* DATASET CONTENT *

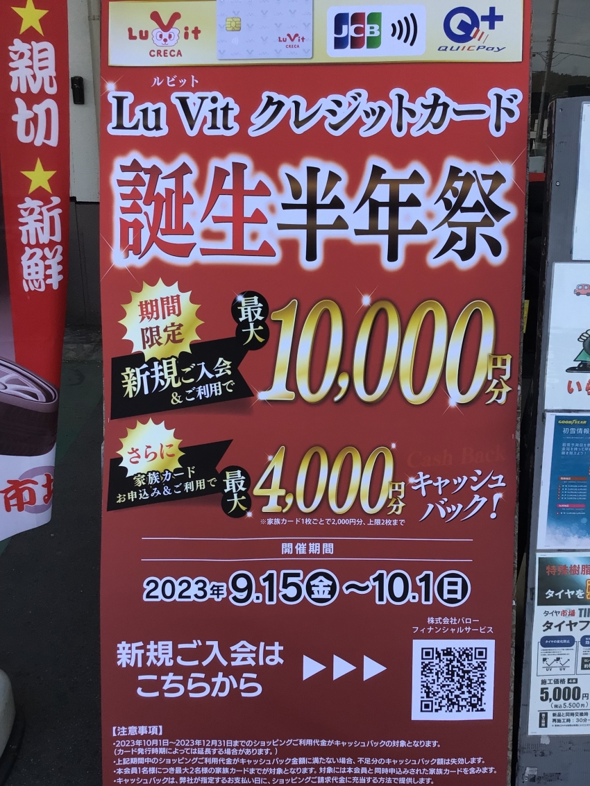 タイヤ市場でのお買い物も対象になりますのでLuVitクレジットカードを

* * *

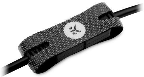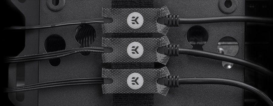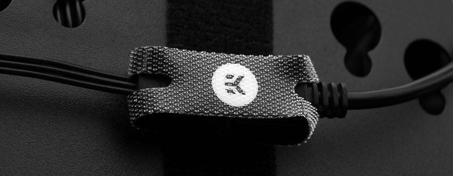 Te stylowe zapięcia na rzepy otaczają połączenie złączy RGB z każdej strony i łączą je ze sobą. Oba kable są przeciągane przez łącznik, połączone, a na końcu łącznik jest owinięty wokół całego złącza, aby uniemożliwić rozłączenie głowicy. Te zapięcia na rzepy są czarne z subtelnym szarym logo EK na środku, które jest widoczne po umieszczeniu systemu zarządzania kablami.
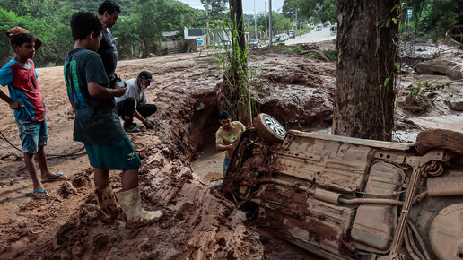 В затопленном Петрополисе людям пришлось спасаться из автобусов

* HOW TO COMPLETE THIS TASK *
Your copy should hold the lines from the one with "Te stylowe zapięcia" up to and including the one with "В затопленном Петрополисе", exactly as in the data above, and no pictures.

* RESPONSE AREA *
 Te stylowe zapięcia na rzepy otaczają połączenie złączy RGB z każdej strony i łączą je ze sobą. Oba kable są przeciągane przez łącznik, połączone, a na końcu łącznik jest owinięty wokół całego złącza, aby uniemożliwić rozłączenie głowicy. Te zapięcia na rzepy są czarne z subtelnym szarym logo EK na środku, które jest widoczne po umieszczeniu systemu zarządzania kablami.
 В затопленном Петрополисе людям пришлось спасаться из автобусов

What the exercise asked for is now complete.